FTP was initially defined in 1971, predating TCP and IP, and it has been redefined several times since then to accommodate new technologies, including the use of TCP/IP, or Request for Comments 765 and RFC 959, and IPv6, or RFC 2428.
FTP has also undergone several updates to enhance FTP security. These include versions that encrypt via an implicit TLS connection (FTPS) or explicit TLS connection (FTPES) or that work with SFTP.
By default, FTP does not encrypt traffic, and individuals can capture packets to read usernames, passwords and other data. By encrypting FTP with FTPS or FTPES, data is protected, limiting the ability of an attacker to eavesdrop on a connection and steal data.
FTP may still be vulnerable to brute-force attacks against user/password authentication spoofing, an FTP bounce attack or a distributed denial-of-service attack.
History of FTP
The first specification for FTP was published as RFC 114 on April 16, 1971, and was written by Abhay Bhushan, then a student at the Massachusetts Institute of Technology. The original idea behind FTP was to enable the transfer of files over ARPANET, the precursor to the internet.

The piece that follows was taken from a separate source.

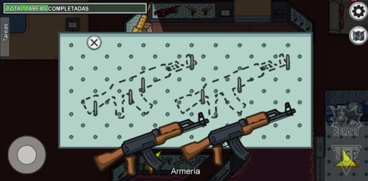 Toma las armas de las mesas y llévalas a las estanterías indicadas. Una vez allí, cuélgalas y completarás las tareas.
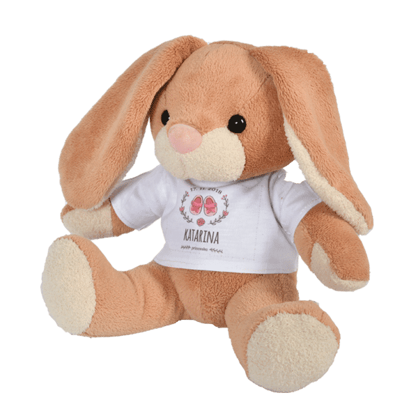 Izdelaj: Osebno prilagojeno igračko, izdelano iz 100% poliestra, opremljeno s potiskano majico po vašem izboru. Igračka v sedečem položaju meri 220 mm.

As the modern internet began to take shape, the FTP specification underwent several revisions to align with networking standards, including TCP/IP. In 1980, a new version of FTP was defined in RFC 765 by Jon Postel, a research scientist at the Information Sciences Institute at the University of Southern California at the time. Five years later, FTP was redefined yet again with RFC 959, which introduced new management capabilities for the protocol, including the ability to make and remove a file directory. Prior iterations of FTP were largely limited to transferring files to and from existing file directory structures.
In 1997, RFC 959 was updated with new capabilities defined in RFC 2228 to provide security capabilities. Two years later, FTP was updated with RFC 2428 to support the IPv6 protocol.
FTP clients are used to upload, download and manage files on a server. FTP clients include the following:
- FileZilla. This is a free FTP client for Windows, macOS and Linux that supports FTP, FTPS and SFTP.
- Transmit. This is an FTP client for macOS that supports FTP and SSH.
- WinSCP. This is a Windows FTP client that supports FTP, SSH and SFTP.
- WS_FTP. This is another Windows FTP client that supports SSH.